EDIT1:
A unit cube ABCDEFGH has rods pinned at its 8 vertices. It is distorted by bringing together opposite vertices A and G ( initial distance AG $=\sqrt3 $ now reduced) thereby increasing angle between spread out edges at A and G from a right angle $90^{\circ}$to $\theta\le 120^{\circ }.$ None of the 6 quadrilaterals (skewed rhombuses) are in a plane.
What are the other 18 angles in terms of distance $x=AG?$ How are they computed?
A rough sketch before deformation with 8 ball joints $x= \sqrt 3$, and,
when AG$\;\to 0$ after full flattening regular hexagon in the plane. Except these two all rhombuses are skewed, not planar or flat.
Thanks!
You can think of this distortion as a contraction scaling operation along $AG$, but combined with an expansion scaling in the other directions so that all the edges/rods remain the same length. A frame made from 12 rods and flexible joints has many more degrees of freedom, but provided that the arrangement of rods at $A$ look the same as those at $G$, and remain symmetrically arranged around the diagonal $AG$, then you will get a squashed cube with rhombus faces. In practice this is very hard to achieve since the slightest misalignment of any of the rods at $A$ or $G$ will cause the whole figure to become misshapen. These edges must not only have the same angles between each other, their angle to the $AG$ diagonal must also all be the same.

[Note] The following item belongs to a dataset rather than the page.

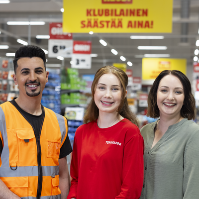 Työtehtävien monipuolisuus on henkilöstöltämme saadun palautteen perusteella yksi tärkeistä vahvuuksistamme työnantajana. Myymälä- ja varastohenkilökunnan lisäksi meillä työskentelee ammattilaisia mm. logistiikan, myynnin, kehityksen, hankinnan, markkinoinnin, laadun, IT:n, vastuullisuuden, turvallisuuden, viestinnän, talouden ja HR:n tehtävissä. Yhdessä varmistamme onnistuneen asiakaskokemuksen ja kehitämme Tokmannia eteenpäin.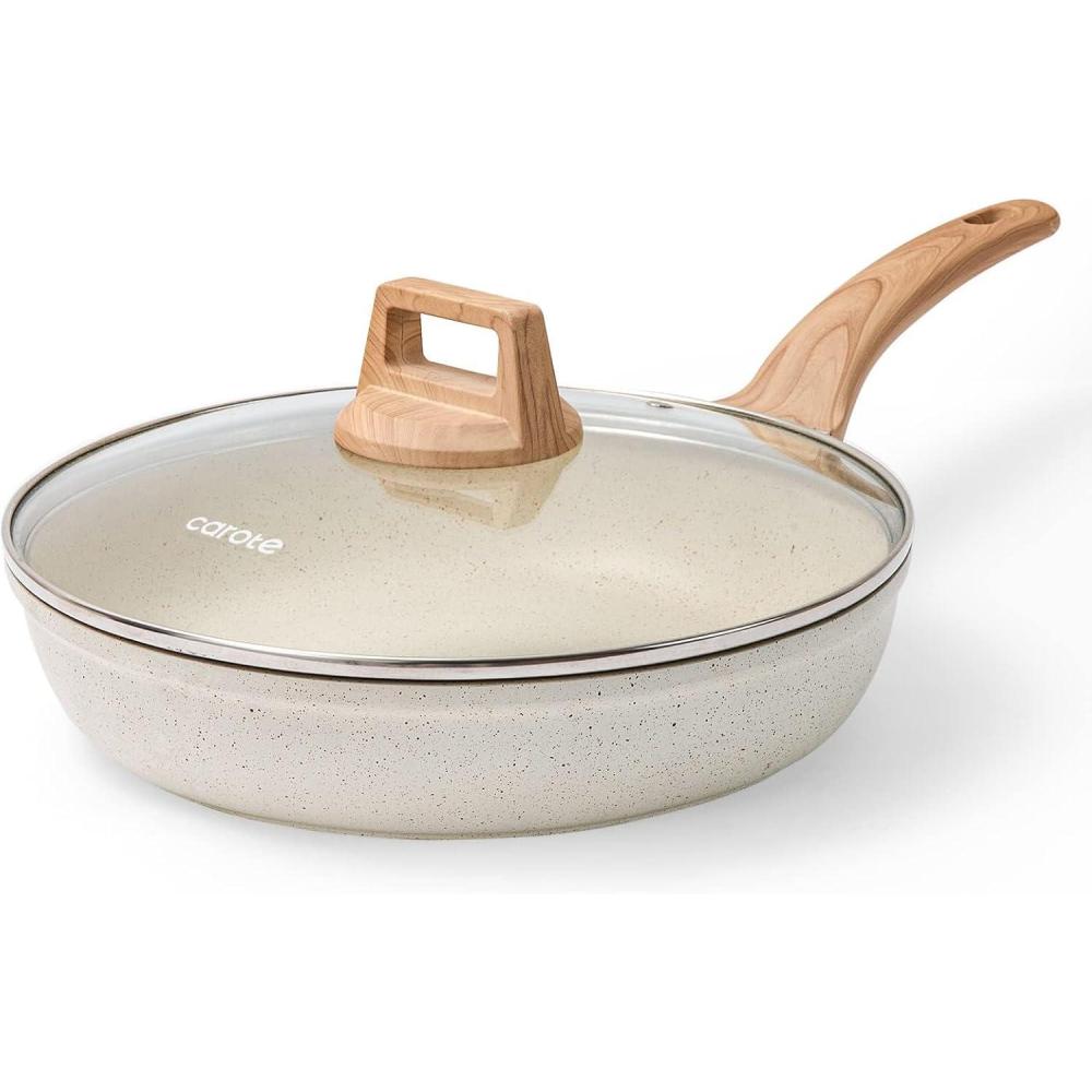imageCAROTE Non Stick Frying Pan Skillet 8quot Nonstick Fry Pan with Glass Lid Egg Pan Omelet Pans Granite Cookware PFOA Free Classic Granite 8InchWhite

In a cube, the tetrahedron $ABDE$ has a height from vertex $A$ of $\frac{|AG|}3$. This will still be the case after the cube is squashed along $AG$. Assuming the edges remain of length $1$, you can use Pythagoras to find that the circumradius of triangle $BDE$ is $r = \sqrt{1-\frac{|AG|^2}9}$. The length of $BD$ is then $r\sqrt3$. This is also the long diagonal of a rhombus face, which makes the obtuse vertex angle equal to $\theta=2 \arcsin (\frac{r\sqrt{3}}2)$.
We can check that this calculation gives correct answers for the extreme cases.
$$|AG|=0 \implies r=1 \implies \theta=2 \arcsin (\frac{\sqrt{3}}2) = 2\cdot 60^\circ =120^\circ $$ $$|AG|=3 \implies r=0 \implies \theta=2 \arcsin 0 = 2\cdot 0^\circ =0^\circ $$ $$|AG|=\sqrt3 \implies r=\sqrt\frac23 \implies \theta=2 \arcsin (\frac{\sqrt{2}}2) = 2\cdot 45^\circ =90^\circ $$